For each previous particle $j$, define the random offspring count
\begin{align*}
C_{s,j}=\#\{i:A_{s,i}=j\}.
\end{align*}
The resampling scheme is not assumed to be multinomial or independent across children. The only property used is the unbiased count condition
\begin{align*}
\mathbb{E}[C_{s,j}\mid\mathcal F_{s-1}]
=
\frac{N W_{s-1,j}}{\sum_{k=1}^N W_{s-1,k}}.
\end{align*}
The denominator is positive almost surely by hypothesis, so these conditional probabilities and expectations are well-defined.
Now condition further on the event that the $i$-th new particle has ancestor $j$. Then the old part of its path is fixed as $X_{0:s-1,j}$, and the new coordinate $X_{s,i}$ is drawn from the proposal density $Q_s(\cdot\mid X_{0:s-1,j})$ with respect to $\lambda_s$. Thus
\begin{align*}
\mathbb{E}[W_{s,i} h(X_{0:s,i})\mid A_{s,i}=j,\mathcal F_{s-1}]
=
\int_{E_s}
h(X_{0:s-1,j},x_s)
\omega_s(X_{0:s-1,j},x_s)
Q_s(x_s\mid X_{0:s-1,j})
\,d\lambda_s(x_s).
\end{align*}
Substituting the incremental weight ratio gives
\begin{align*}
\mathbb{E}[W_{s,i} h(X_{0:s,i})\mid A_{s,i}=j,\mathcal F_{s-1}]
=
\int_{E_s}
h(X_{0:s-1,j},x_s)
f_s(x_s\mid x_{s-1,j})g_s(y_s\mid x_s)
\,d\lambda_s(x_s).
\end{align*}
Here $x_{s-1,j}$ denotes the terminal coordinate of the realized path $X_{0:s-1,j}$, so the transition density is evaluated at the previous state of ancestor $j$.
By definition of $G_s h$, this is
\begin{align*}
\mathbb{E}[W_{s,i} h(X_{0:s,i})\mid A_{s,i}=j,\mathcal F_{s-1}]
=
(G_s h)(X_{0:s-1,j}).
\end{align*}
The sum over children can now be grouped by ancestor. Conditional on $\mathcal F_{s-1}$, all children with ancestor $j$ have the same conditional mean contribution $(G_s h)(X_{0:s-1,j})$. Therefore
\begin{align*}
\mathbb{E}\left[
\frac{1}{N}\sum_{i=1}^N W_{s,i} h(X_{0:s,i})
\mid \mathcal F_{s-1}
\right]
=
\frac{1}{N}\sum_{j=1}^N
\mathbb{E}[C_{s,j}\mid\mathcal F_{s-1}]
(G_s h)(X_{0:s-1,j}).
\end{align*}
Using the unbiased offspring-count identity, this becomes
\begin{align*}
\mathbb{E}\left[
\frac{1}{N}\sum_{i=1}^N W_{s,i} h(X_{0:s,i})
\mid \mathcal F_{s-1}
\right]
=
\frac{\sum_{j=1}^N W_{s-1,j}(G_s h)(X_{0:s-1,j})}
{\sum_{k=1}^N W_{s-1,k}}.
\end{align*}
Finally multiply by the previous product of average weights.
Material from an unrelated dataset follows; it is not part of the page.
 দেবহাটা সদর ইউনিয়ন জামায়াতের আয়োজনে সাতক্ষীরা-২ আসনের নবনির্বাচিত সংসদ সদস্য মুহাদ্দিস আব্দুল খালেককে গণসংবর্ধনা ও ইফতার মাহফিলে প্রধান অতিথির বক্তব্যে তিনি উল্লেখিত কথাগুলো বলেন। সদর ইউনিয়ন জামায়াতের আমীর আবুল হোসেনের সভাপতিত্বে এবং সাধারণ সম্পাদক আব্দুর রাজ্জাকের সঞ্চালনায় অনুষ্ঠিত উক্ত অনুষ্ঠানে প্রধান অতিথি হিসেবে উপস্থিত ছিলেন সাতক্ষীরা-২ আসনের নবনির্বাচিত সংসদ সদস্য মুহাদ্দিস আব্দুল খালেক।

Since $\prod_{r=0}^{s-1}\overline W_r$ is $\mathcal F_{s-1}$-measurable, it may be pulled through the conditional expectation. The factor $\overline W_{s-1}=N^{-1}\sum_{k=1}^N W_{s-1,k}$ cancels the denominator above, leaving
\begin{align*}
\mathbb{E}[\gamma_{s,N}(h)\mid\mathcal F_{s-1}]
=
\left(\prod_{r=0}^{s-2}\overline W_r\right)
\frac{1}{N}\sum_{j=1}^N
W_{s-1,j}(G_s h)(X_{0:s-1,j}).
\end{align*}
The right-hand side is precisely $\gamma_{s-1,N}(G_s h)$ by the definition of the particle unnormalized functional. Hence
\begin{align*}
\mathbb{E}[\gamma_{s,N}(h)\mid\mathcal F_{s-1}]
=
\gamma_{s-1,N}(G_s h).
\end{align*}
[/guided]
[/step]
[step:Iterate the one-step identity to obtain the likelihood unbiasedness]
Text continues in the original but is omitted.